In an earlier interview, PMA spokesman Mike Aragon said the ad was unexpected since the organization had an ongoing partnership with the BIR.
“The PMA created a committee that would help the bureau succeed in collecting correct taxes from doctors and this engagement is going on. That’s why we were surprised that we were given this impression as tax cheats,” Aragon said.
The BIR campaign against tax evasion is meant to shore up the bureau’s revenue collection and boost state coffers amid the rising expenditure requirements of the government.
Besides publishing ads, the BIR files tax evasion cases once every two weeks in the Department of Justice as part of the tax drive.
Coloma acknowledged that “professional organizations may have differences with the BIR in the aspect of creative presentation of the advertisements.”
“I think it would be regrettable if, just because of differences on creative presentation, they will not abide by the campaign of the government,” he said.
“I am certain that in their hearts, they want to contribute.”
Tax effort
Coloma said the government’s target was to “increase the tax-to-GDP (gross domestic product) ratio to 16 to 18 percent by 2016.”
“As of 2013, the country’s tax-to-GDP ratio reached 13.6 percent, but still below the 17 percent recorded prior to the Asian financial crisis in the 1990s,” he said.
Coloma said the goal was to improve the country’s tax-to-GDP to the level of those by other members of the Association of Southeast Asian Nations.
Citing a World Bank report, he noted that the tax efforts of Thailand, Malaysia and Singapore stood at 17.6 percent, 16.1 percent and 13.8 percent, respectively.
“We call on all professional organizations to urge their members to pay the right taxes and help in the country’s overall economic development efforts,” Coloma said.
Need for review
In the Senate, the chair of the committee that deals with revenue measures said there was a need to review government reliance on the honesty of professionals in determining how much taxes they should pay
every year.
“Right now, the system of tax collection for professionals is a self-assessment system.
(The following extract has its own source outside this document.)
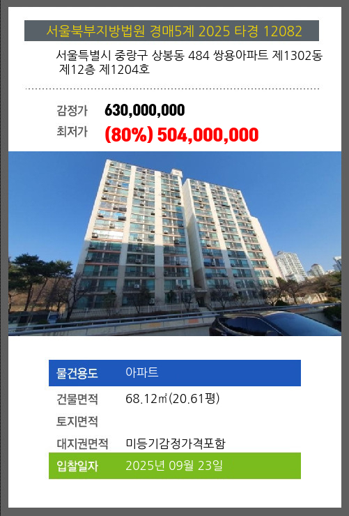 사건번호 2025 타경 12082 본건은 서울특별시 중랑구 상봉동 484 쌍용아파트 제1302동 제12층 제1204호소재하는 아파트경매 물건의 포스팅입니다. 건물면적 [ 68.12㎡ (20.61평) ]대지권 [ 미등기감정가격포함 ] 시세를

It relies on the honesty of the individuals. Maybe we should look at how effective the system is. We should look how to make it simpler to encourage voluntary compliance,” Sen. Juan Edgardo Angara told reporters.
The committee on ways and means on Tuesday heard bills on several revenue measures and Sen. Miriam Defensor-Santiago’s resolution seeking an inquiry into the alleged tax evasion worth P388 billion committed by self-employed professionals.
Accountant, online seller
Aside from doctors, the BIR’s print ads on professionals that don’t pay the right taxes also featured an independent accountant and an online seller.
In the hearing, an official of the BIR said the agency wasn’t zeroing in on professionals, particularly physicians. But upon prodding by Angara, BIR Assistant Commissioner Marissa Cabreros cited Makati City’s 2011 figures that indicated that a good number of doctors were not paying the right amount of taxes.
“Fifty-eight point five (58.5) percent of self-employed doctors in Makati paid less than P35,000,” Cabreros said when Angara and Sen. Nancy Binay asked for the basis of the BIR ad on doctors as tax cheats.
She said that out of 1,178 registered doctors in Makati City in 2011, 689 paid less than P35,000. She said the lowest income tax paid by a doctor was P10. “Next is P82.50, next is P100.”
Angara said the BIR and the PMA should work together to collect the correct taxes.